Friday, February 25, 2011

An Advocate’s View: How Budget Cuts to Domestic Programs Hurt an Elder’s Economic Security

Last week, I had the pleasure of speaking to Christopher Smith, a volunteer attorney at the Wayne County Neighborhood Legal Services in Detroit, Michigan. Christopher works to ensure elders are enrolled in programs and services that help them build economic security. However, those programs and services are now being threatened by budget cuts proposed in the House bill passed last Saturday. One of these crucial programs is the Low-income Home Energy Assistance Program (LIHEAP) which provides funds for those struggling to pay their bills to heat their homes during the winter and cool their homes in the summer.

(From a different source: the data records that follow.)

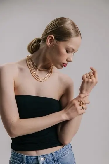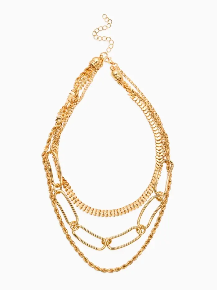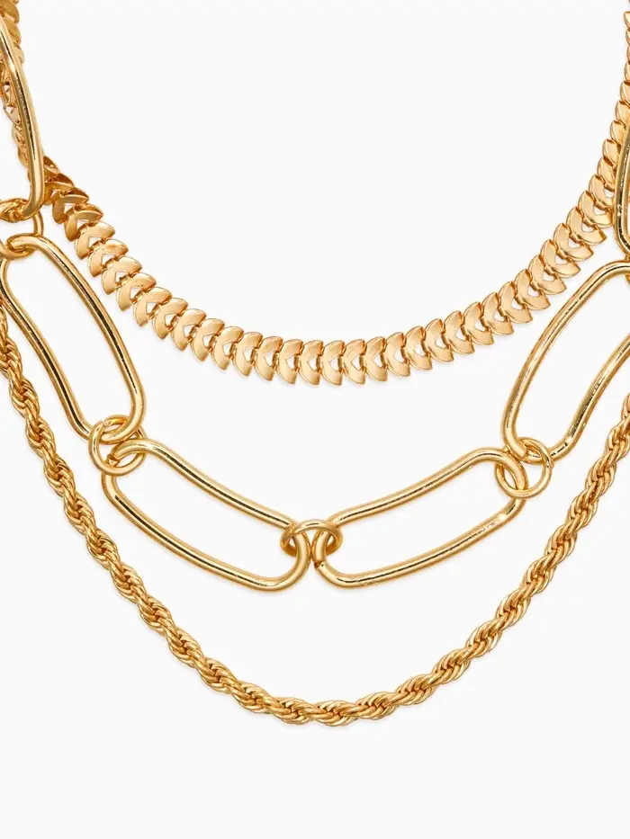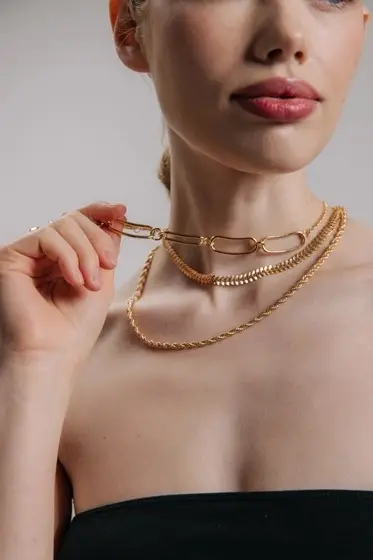 Три цепи золотистого цвета разной длины образуют гармоничный многослойный ансамбль, который выделяется своей утончённостью и лаконичностью. Чистота формы и отсутствие вставок подчёркивают минималистичный дизайн, делая украшение универсальным акцентом для любых образов. Стандартный карабин надёжно фиксирует украшение, обеспечивая лёгкость эксплуатации и комфорт в повседневной жизни.
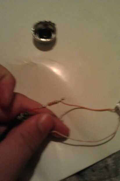 Tira tu cable usb y un cable de la resistencia en los cables positivos cable (normalmente rojo) luego el otro extremo del resistor al positivo del led de la soldadura de la soldadura. luego suelde los negativos juntos. aislar y continuar.
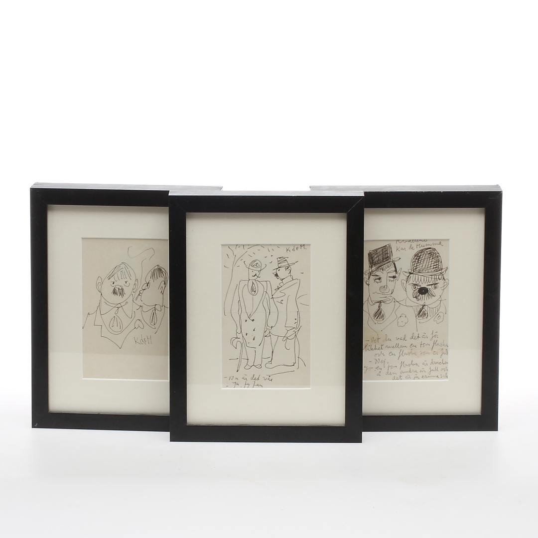 278725. ERIK (KAR DE MUMMA) ZETTERSTRÖM. Tuschteckningar 3 st, signerade.
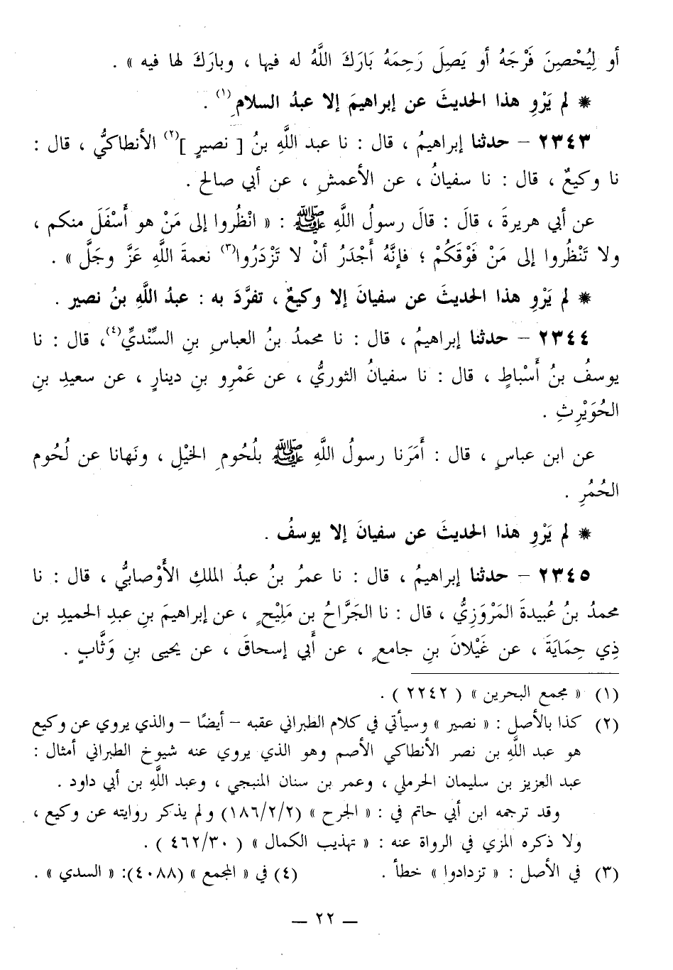 2343 - حَدَّثَنَا إِبْرَاهِيمُ قَالَ: نا عَبْدُ اللَّهِ بْنُ نُصَيْرٍ الْأَنْطَاكِيُّ قَالَ: نا وَكِيعٌ قَالَ: نا سُفْيَانُ، عَنِ الْأَعْمَشِ، عَنْ أَبِي صَالِحٍ، عَنْ أَبِي هُرَيْرَةَ قَالَ: قَالَ رَسُولُ اللَّهِ صَلَّى اللهُ عَلَيْهِ وَسَلَّمَ: «§انْظُرُوا إِلَى مَنْ هُوَ أَسْفَلَ مِنْكُمْ، وَلَا تَنْظُرُوا إِلَى مَنْ فَوْقَكُمْ، فَإِنَّهُ أَجْدَرُ أَنْ لَا تَزْدَرُوا نِعْمَةَ اللَّهِ عَزَّ وَجَلَّ»

The House passed a bill on Saturday that would cut LIHEAP funding by 66% for the remainder of the fiscal year. Christopher cautioned that less funding would result in people making impossible choices on whether to eat or heat, and also lead desperate Detroit residents to try dangerous and unconventional ways to heat their homes such as starting a fire that could get out of control. In fact, he shared that this happened a couple times already in the last few weeks. “Realistically, a LIHEAP subsidy costs far less than dispatching the fire department,” he said.

As the Senate gears up next week to debate the federal budget, Wider Opportunities for Women (WOW) urges you to join advocates across the country in sending a letter to Congress on the importance of crucial programs and services to millions of American families and elders as they rebuild from one of the worst economic recession's of our time.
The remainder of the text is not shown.